Utrecht University withdraws doctoral degree granted in 2008
The Board for the Conferral of Doctoral Degrees (BCDD) of Utrecht University has assessed that a doctoral thesis dating back to 2008 does not meet important principles of academic integrity, such as diligence and accuracy, reliability and verifiability, and replication. The cases of negligence are of such scale and culpability that the doctoral thesis does not suffice as a test of competence to enter the profession. This means that the doctoral degree was unjustifiably granted. The BCDD has therefore withdrawn the granted degree.
It involves a PhD defence by an external PhD Candidate in 2008. Complaints have been filed with Utrecht University about the articles that make up the doctoral thesis, which have been assessed by the Committee for Research Integrity (CRI) of the university. These include complaints about the used data. The Committee has validated the complaints.

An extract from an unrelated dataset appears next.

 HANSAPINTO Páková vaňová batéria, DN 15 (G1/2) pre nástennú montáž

Based on this, the Executive Board of the university decided to present the case to the Board for the Conferral of Doctoral Degrees. This body is responsible for matters involving academic PhD defences, and is formed by the Deans of the faculties and the Rector Magnificus.
Articles retracted
Various chapters in the dissertation consist of articles which have been published in academic journals. At the time of the assessment by the CRI (in May of 2022), journal editorial boards were already aware of problems in five of these articles and have already taken action based on their own investigations: two articles have been retracted, two articles have received an Expression of Concern and one article has received an Editor’s Note of Concern. The journals in which the four remaining articles were published will be informed about the withdrawing of the degree.
Promotion bonus refunded
Rector Magnificus Henk Kummeling states that the issue has been thoroughly investigated and that the university wants to learn from this case. “First of all, UU has of course decided to return the Promotion bonus of 93,060 euros granted in 2008. We have also asked ourselves how this could have happened. Why did the supervisor and the Doctoral Examination Committee not notice this? And could something similar still happen today?”

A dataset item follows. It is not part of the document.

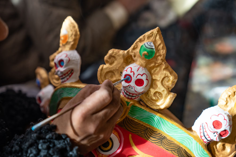 拉薩布制面具制作技藝西藏自治區(qū)級(jí)非遺傳承人西洛(中)和同事交流西藏傳統(tǒng)面具制作心得。

Rules tightened since 2008
At the time it was possible for an external PhD Candidate to obtain a PhD at UU, based on data obtained elsewhere and on a series of articles in peer-reviewed journals, without much involvement of the (co-)promoter(s) in the writing of the articles. This is no longer the case. Registration of PhD candidates has to take place at least three years before completing the doctoral programme, so they will follow an Utrecht track with the corresponding quality monitoring and training. At the start of a doctoral programme, agreements are documented on education and supervision, the monitoring of the progress, and the composition of the supervision team, in which the so-called ‘four-eyes principle‘ is used. There is also a go/no-go moment one year after the start of a PhD trajectory where progress is evaluated.
Strict enforcement
Henk Kummeling says: “We don't want these kinds of flawed dissertations. Not in any field. That's why we as the Board for the Conferral of Doctoral Degrees have made this exceptional decision about the doctoral thesis from 2008. Furthermore, we as the Board for the Conferral of Doctoral Degrees, with all Deans, have assessed and declared how crucial it is to strictly enforce the current rules.”